30 HD camera feeds in LA were linked via diverse and hitless 10 gigabyte-per-second circuits on the Telstra DPN, which has recently been extended to Los Angeles, with the production taking place in Sydney, overcoming what until now was considered an insurmountable distance.
The tests confirm that the Andrews Hub control rooms in Sydney can efficiently produce broadcast events held in Los Angeles and, arguably, beyond.
NEP Australia’s Director of Technology, Marc Segar, said: “This is a game-changer for broadcast television, proving anyone can work from anywhere while connected to our network, whether in Australia or on the other side of the planet.
“Our crew at the Sydney Andrews Hub perceived no appreciable difference between covering the trial event in LA and the remote broadcast of a live A-League match from Perth last month.”
Trevor Boal, Head of Telstra Broadcast Services, said, “From the moment NEP approached us about building the Telstra Distributed Production Network to support the Andrews Hubs, we shared their excitement about the enormous possibilities of broadcasting over IP.
“NEP had a clear vision of how distributed production could deliver an optimal commercial and practical outcome, and we wanted to be part of it. As our network capacity and reach continues to grow, it’s conceivable we could traverse global distances uncompressed in just a few years.”
Segar continued: “It’s exciting to think of the options and flexibility our technology offers to the industry.
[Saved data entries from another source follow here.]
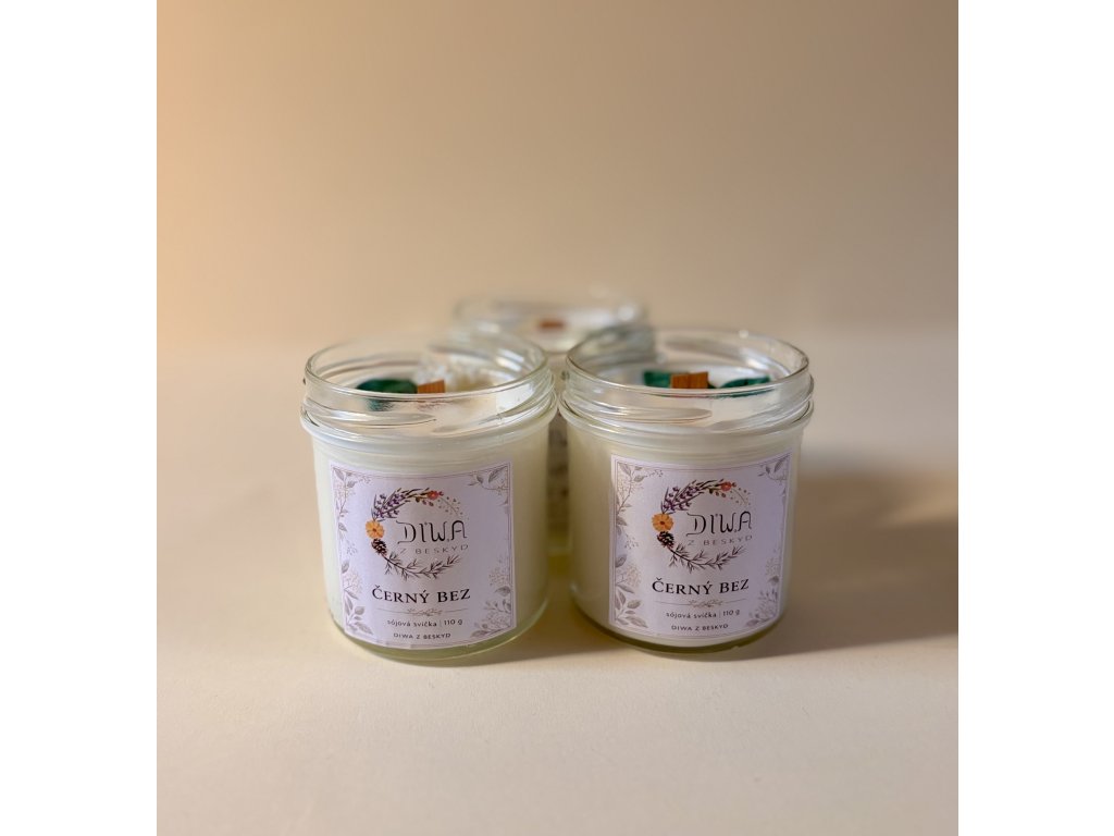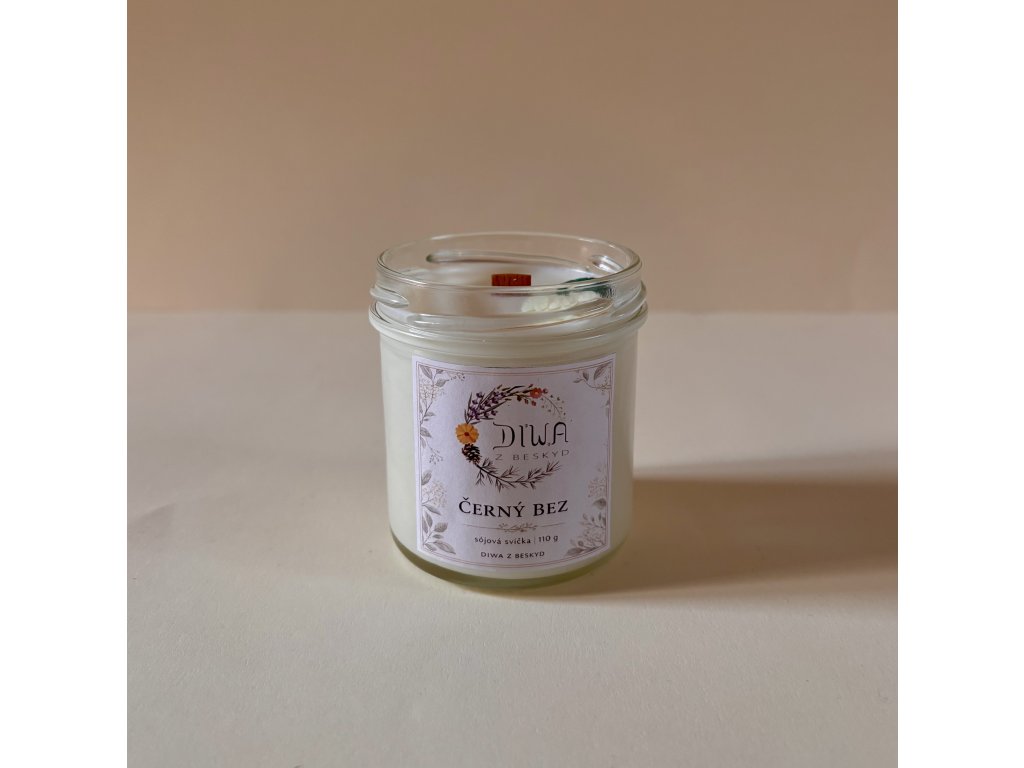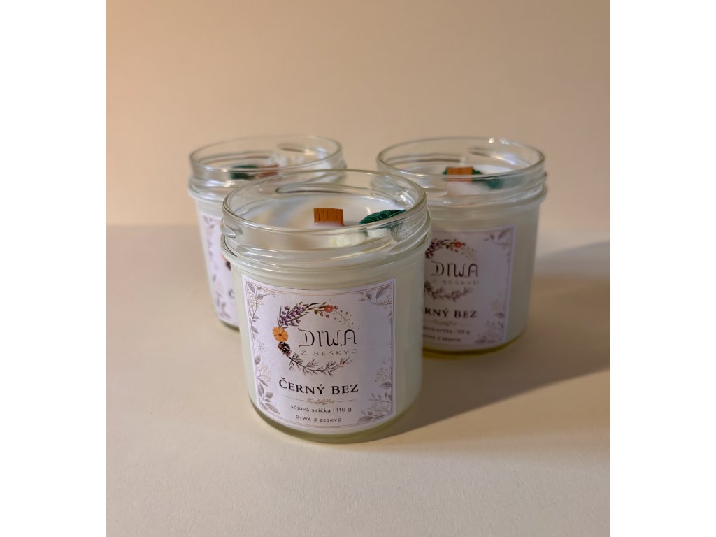 Obsahuje: 100% sójový vosk, EO Černý Bez, dřevěný knot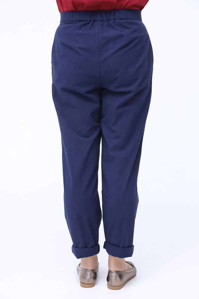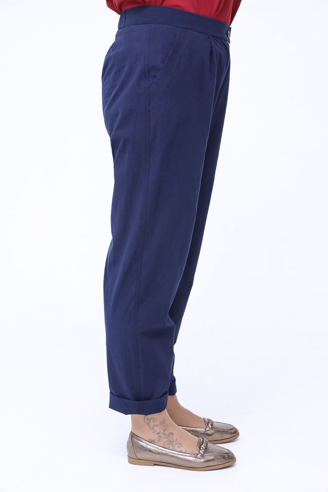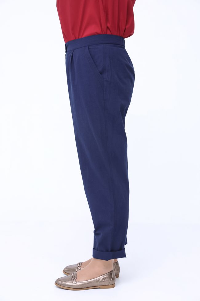 темно-синий Эффектные брюки "чинос", свободного силуэта, с наклонными карманами по бокам и складками по талии. Выполнены из хлопковой ткани. Модель с комфортной высокой посадкой и комбинированным поясом,  застежка - гульфик на молнию и пуговицу. Модель составит гармоничный комплект с однотонными и принтованными топами и блузами. Отличный вариант для стильного повседневного гардероба.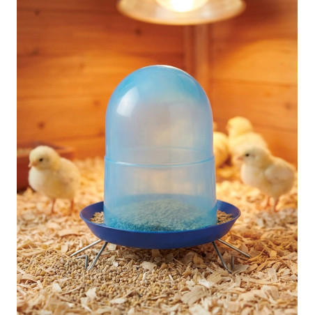 Comedouro para pintinhos de primeira idade. Capacidade de 1,5 litro. Feito de plástico translúcido de alta resistência, permite verificar o nível de ração. O sistema antiempoleiramento evita a contaminação da água. Fabricado em duas partes removíveis (bandeja e cone) para fácil limpeza e abastecimento prático.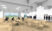 図書館・大会議室・PCルームを一体化し、知と創造の拠点を新設。自習スペースの充実や、電子黒板を備えたミニ講義室も設置 。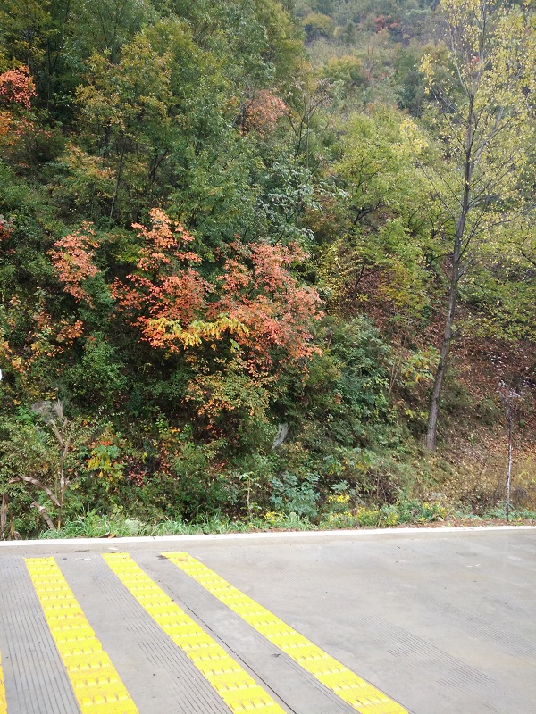 秋姑娘迈着轻盈的脚步来了!远处公路旁的大山,你瞧满山的树木一片绿色中夹杂着一团火红,像一片燃烧的火焰。一阵秋风吹过,树叶哗啦啦的唱着动听的歌。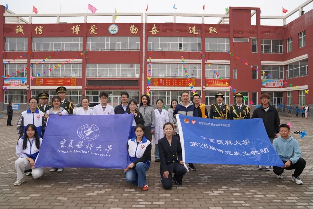 为深入贯彻党的二十大精神与二十届三中全会精神,落实立德树人根本任务,在“六一”国际儿童节来临之际,澳门十大信誉好的网站研究生院会同团委组织第26、27届研究生支教团成员、研究生志愿者及师生代表,于5月30日奔赴盐池县高沙窝中心小学开展“石榴花开校园籽籽童心向党”公益助力成长活动。此次活动以教育帮扶为纽带,以健康服务为桥梁,生动展现了宁医学子“修德济人,笃学精术”的使命担当。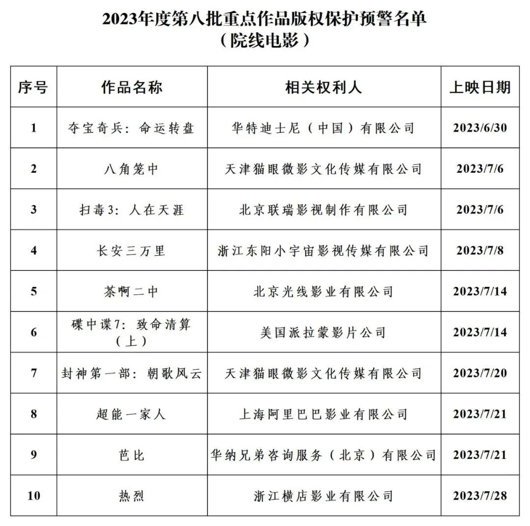 按照国家版权局《关于开展院线电影版权保护专项工作的通知》《关于进一步加强互联网传播作品版权监管工作的意见》及版权重点监管工作计划,根据相关权利人上报的作品授权情况,现公布2023年度第八批重点作品版权保护预警名单。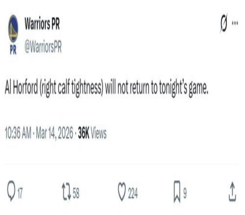霍福德仅出战5分钟后因左小腿肌肉紧绷退赛,接着小库里与波斯特也接连伤退,勇士队一场比赛直接伤了三人。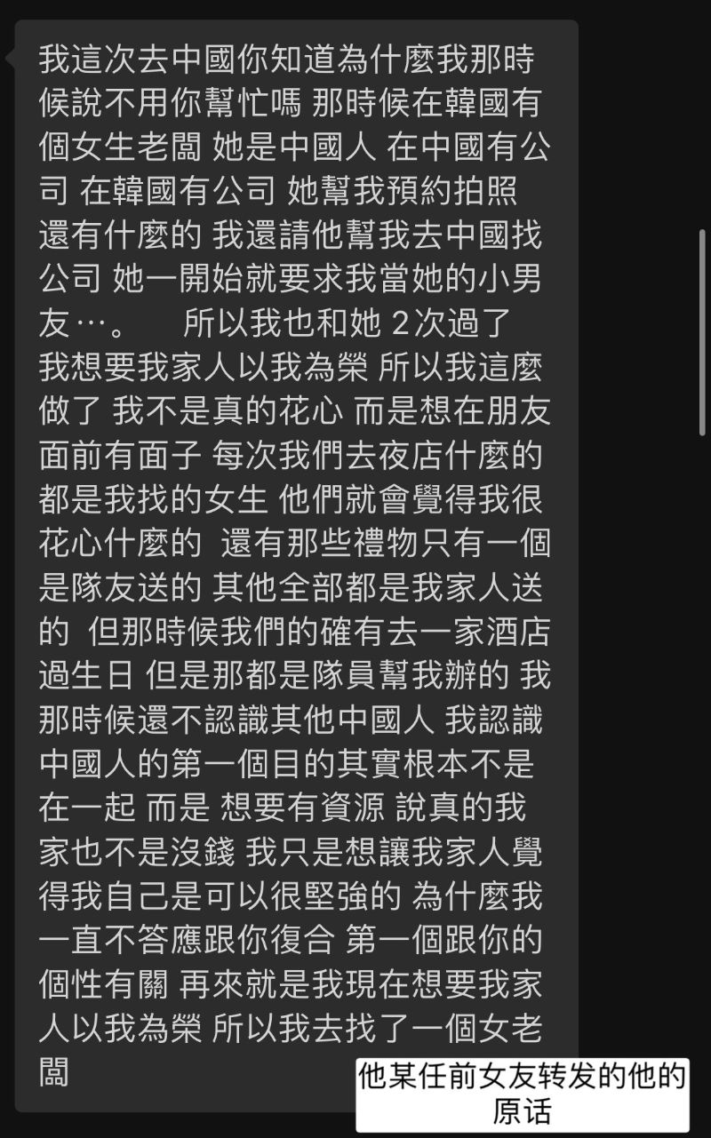 該網友公開的孫祈駿前女友轉發的“孫祈駿原話”。

“We chose to trial HD, however, we could just as easily have trialled 4K or HDR. Our IP and multi-format hub environment is agnostic to format or compression technologies.”
The 60 HD feeds (30 in both Sydney and Los Angeles) encompassed all the automation and control signals.
Resources, including replay, were fully shared between the two sites, with the replay operator in Los Angeles controlling servers at the Sydney Hub, where production took place.
Telstra provided the redundant 10 Gb +10 Gb trans-Pacific circuit as a natural extension of its Australia-wide Telstra Distributed Production Network (DPN).
VC-2 was used as the lightweight and ultra-low-latency compression technology because it adds no delay.
This makes high definition or UHD/4K over distance viable cost-wise, as there is no appreciable difference in delay compared to uncompressed video.
Round trip latency was only 136 milliseconds, less than 2 frames in each direction.
NEP says the trans-Pacific trial is just the start of an extensive program to trial other locations around the world, including Japan and the UK.
The Andrews Hubs are touted as the most technically advanced facilities of their scale in the world. Using an internet protocol (IP) backbone and multi-format production capabilities, the Sydney and Melbourne Hubs enable multiple concurrent outside broadcasts. Remote production allows cameras and microphones to be located at the venue, with the majority of the production team based at the Hubs. There, central control facilities can accomodate up to six simultaneous events, connecting with 29 sporting venues via the Telstra Distributed Production Network. This creates considerable savings in crew travel time, as well as efficiencies arising from centralised and inter-Hub resource sharing for everything from equipment through to disaster recovery capabilities.